Nadiren cerrahi girişim gerekebiliyor
Prof. Dr. Nazım Korkut, uygun manevralara rağmen düzelmeyen hastalarda ise çok nadiren cerrahi girişime ihtiyaç duyulduğunu belirterek, “Cerrahi girişim olarak kanalın tıkanması veya uyarıları beyine taşıyan sinirin kesilmesi gündeme gelebiliyor. Özellikle uzun soluklu, sık tekrarlayan BPPV hastalarında beraberinde migren de bulunabiliyor. Bu durumdaki hasta grubunda repozisyon manevralarının yanı sıra vestibüler migrenin tıbbi tedavisi de uygulanıyor" bilgisini paylaştı.

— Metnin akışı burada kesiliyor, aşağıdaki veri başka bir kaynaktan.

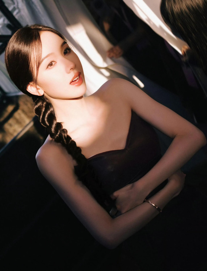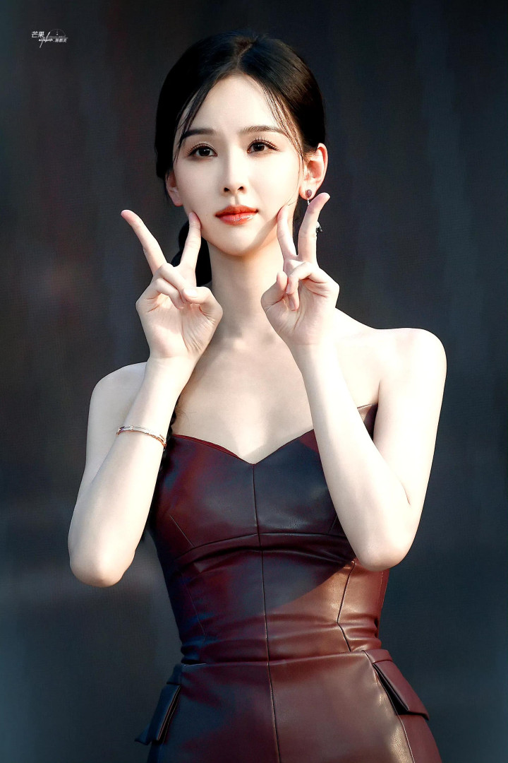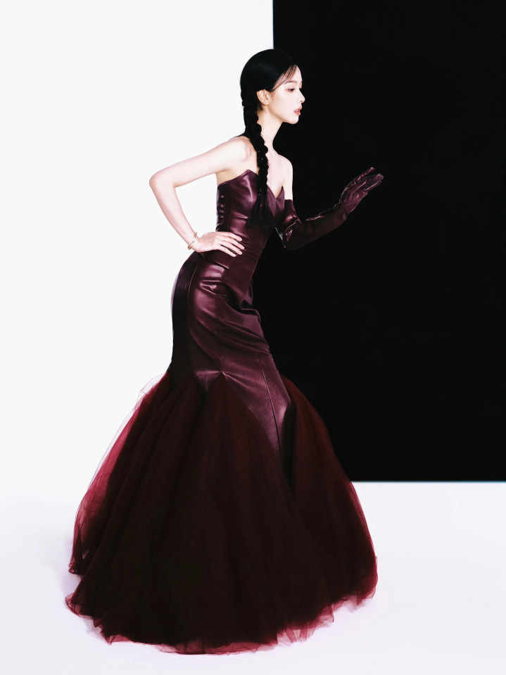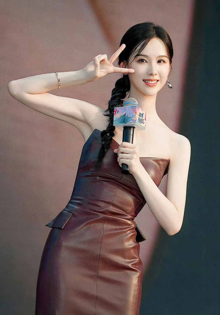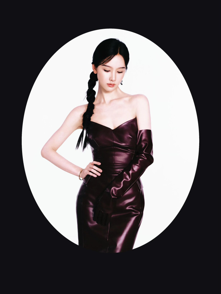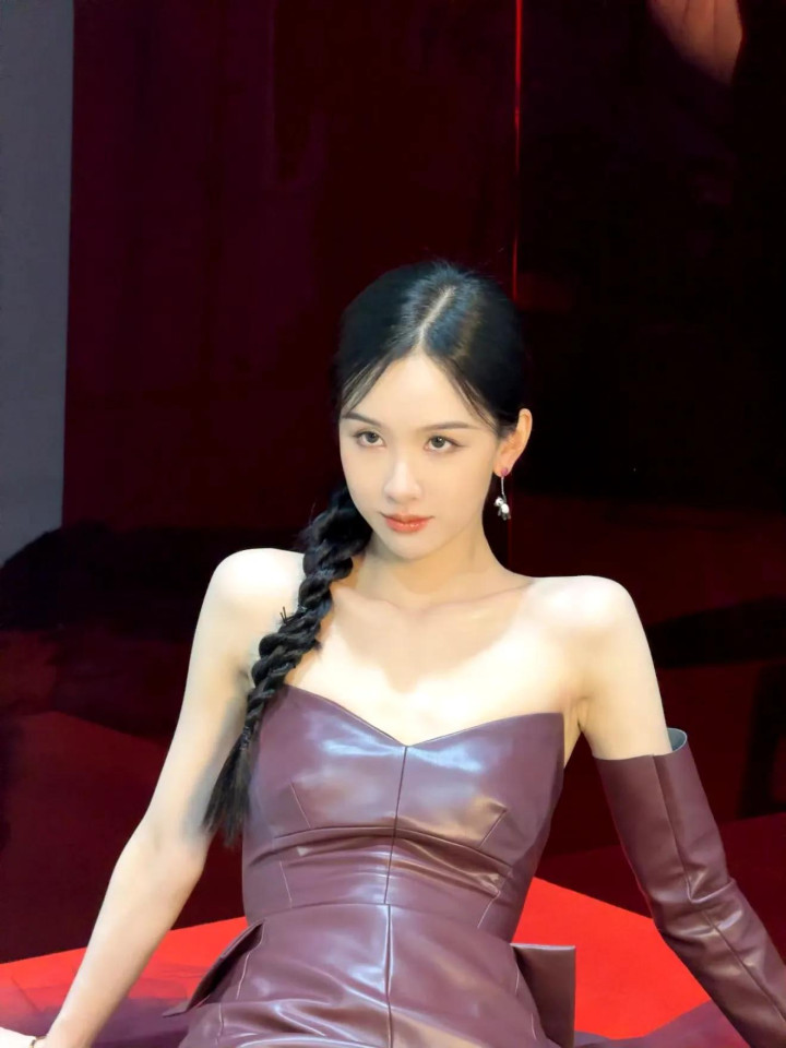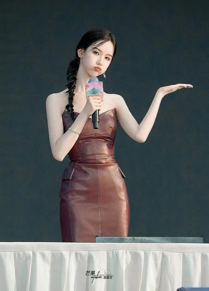 陈都灵性感抹胸皮衣

Tedavi birkaç dakikada tamamlanıyor
BPPV (Benign Paroksismal Pozisyonel Vertigo) tedavisinde ‘kanalolit repozisyon’ manevrasından oldukça başarılı sonuçlar alınıyor. Odyolog Dr. Zeynep Gence Gümüş, altta yatan farklı bir neden olmadığı takdirde, BPPV hastalığının repozisyon manevralarıyla düzeldiğini vurgulayarak, “Manevra tedavisi dakikalar süren kısa bir tedavidir. Hastanın başına belli pozisyonlar verilerek halk arasında denge kristalleri olarak bilinen otokonianın yerine girmesi amaçlanıyor. Hastalarımızın yüzde 85'i tek seansta düzelirken, kalan yüzde 15'lik bölümüne birden fazla kez manevra uygulanması gerekebiliyor” ifadelerini kullandı. Dr. Zeynep Gence Gümüş, manevra tedavisinden etkin sonuç alınabilmesi için sonrasında birkaç gün baş hareketlerinin kısıtlanması, yüksek yastıkla ve sırt üstü (sağa/ sola dönmeden) yatılması gerektiğinin altını çizdi.